The USD/JPY currency pair has fallen off a cliff. It’s now trading just above the 143.45 area, a two-week low printed during the opening of the European day on Friday. It’s largely due to a perfect storm of external factors. Dovish expectations from the Federal Reserve and increasing worries over U.S. fiscal stability are pushing this trend. USD/JPY has dropped for a third consecutive day. This trend is further indicative that investors are reliably bearish.
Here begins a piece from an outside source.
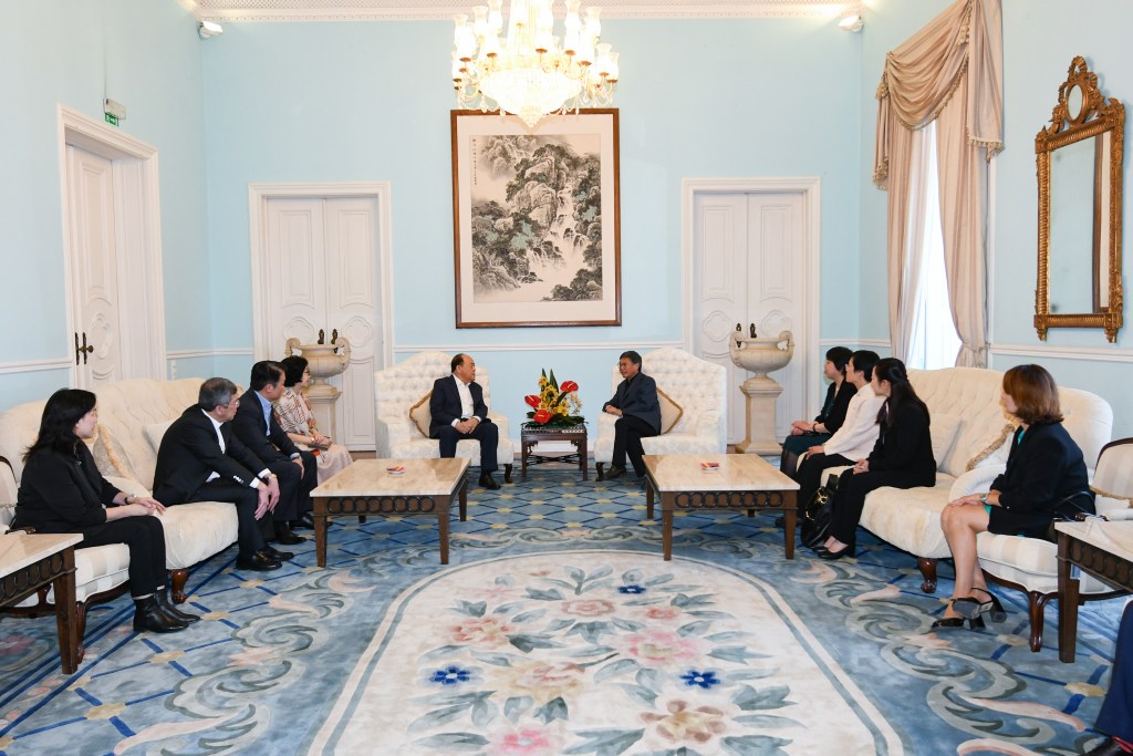 會面中,行政長官首先感謝外交部及中國駐葡大使館對特區政府代表團訪葡工作的支持,並表示中葡兩國始終保持良好關係,澳葡之間的歷史淵源及緊密交往,有助進一步鞏固中葡友誼。

The latest slide in the USD/JPY pair is a result of market expectations. Traders are betting on the Fed to remain dovish, even in its approach to communications. Underwhelming U.S. monthly retail sales data has stoked fears of an economic growth slowdown, quarter after quarter. That is placing even more pressure on the strength of the U.S. dollar. The USD Index (DXY) has fallen to its lowest level in almost two weeks. This downward trend is used to add to the bearish sentiment for USD/JPY.
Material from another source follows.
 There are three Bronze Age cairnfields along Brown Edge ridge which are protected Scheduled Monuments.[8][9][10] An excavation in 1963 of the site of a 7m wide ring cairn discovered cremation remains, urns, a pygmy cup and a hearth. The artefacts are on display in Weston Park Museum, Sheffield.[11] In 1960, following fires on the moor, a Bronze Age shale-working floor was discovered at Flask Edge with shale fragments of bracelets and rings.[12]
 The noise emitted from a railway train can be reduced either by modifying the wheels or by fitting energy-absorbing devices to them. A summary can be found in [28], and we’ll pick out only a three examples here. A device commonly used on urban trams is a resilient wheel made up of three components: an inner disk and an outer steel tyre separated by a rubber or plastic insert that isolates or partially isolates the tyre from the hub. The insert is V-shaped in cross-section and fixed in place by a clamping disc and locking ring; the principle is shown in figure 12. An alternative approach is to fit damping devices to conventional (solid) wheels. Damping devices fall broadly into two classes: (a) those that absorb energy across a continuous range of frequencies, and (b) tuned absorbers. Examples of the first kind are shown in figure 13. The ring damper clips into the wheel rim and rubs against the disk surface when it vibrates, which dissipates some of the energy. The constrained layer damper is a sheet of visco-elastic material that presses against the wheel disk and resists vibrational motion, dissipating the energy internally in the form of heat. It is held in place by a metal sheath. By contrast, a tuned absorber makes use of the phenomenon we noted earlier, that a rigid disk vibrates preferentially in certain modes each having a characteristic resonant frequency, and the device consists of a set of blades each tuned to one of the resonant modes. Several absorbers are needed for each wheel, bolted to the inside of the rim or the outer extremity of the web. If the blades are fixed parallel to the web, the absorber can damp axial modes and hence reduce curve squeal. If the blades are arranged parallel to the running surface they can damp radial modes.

The Japanese Yen (JPY) has picked up steam. This surge is driven by heightened speculation that the Bank of Japan (BoJ) will start raising interest rates in short order. The prospect of a meaningful shift in monetary policy further bolsters the JPY. Specifically, it enhances its attractiveness as a safe-haven asset during times of economic and market global turmoil. The JPY benefits from a camouflage hospital in its protected haven seeking as disputes about geopolitical challenges repeatedly normalize the class of investor danger-appetite.
The USD/JPY pair has faced resistance near the 145.35 to 145.40 region, which corresponds to the 38.2% Fibonacci retracement level. This technical barrier has firmly capped the upward potential of the pair in the past several trading days. In fact, oscillators on the daily chart are beginning to gain negative traction. This change enhances a more bearish view for USD/JPY, forcing traders to adjust their positioning.
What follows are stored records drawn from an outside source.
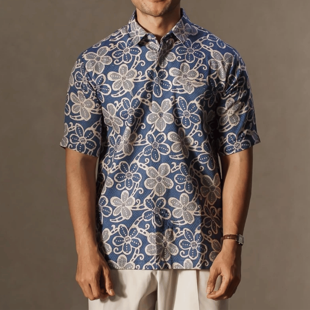 Men Floral Batik Short Sleeve Shirt
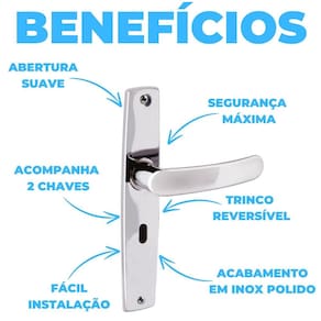 DIFERENCIAIS - Design Moderno: Acabamento em aço inox polido cromado para um toque sofisticado. - Alta Durabilidade: Resistente à corrosão e desgastes em condições climáticas adversas. - Compatibilidade Universal: Adapta-se facilmente a diferentes estilos de portas externas.
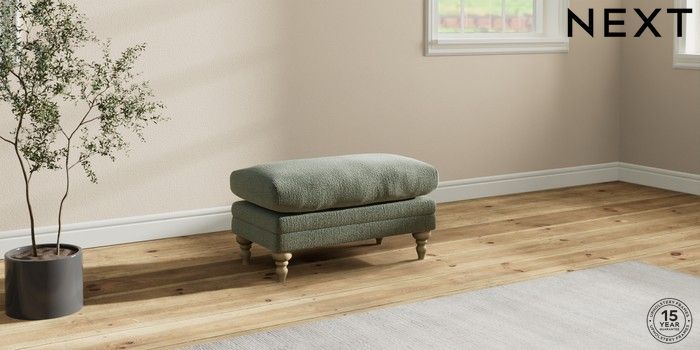 7.2.10 Hutton Deep Relaxed Sit Footstool Chunky Texture Mid Forest Green High Turned - Light | Made Click here to use our website with more accessibility support, for example screen readers

Those earlier sessions were characterized as sharply bearish intraday breaks below the key 144.30 to 144.20 support zone. Such a breakdown proved to be a potent USD/JPY bear trigger. The currency pair’s decline reversed a bit in front of the 61.8% Fibonacci level. Traders continue to watch this territory as the first place support could be found, and it would mark another major bullish indicator.
What’s happening now underscores how exogenous economic shocks and central bank action can dramatically affect currency pairs such as USD/JPY. Both U.S. fiscal health and Japanese monetary policy are major focal points for market participants. So these issues will probably be overwhelmingly important in determining the direction of that currency pair going forward.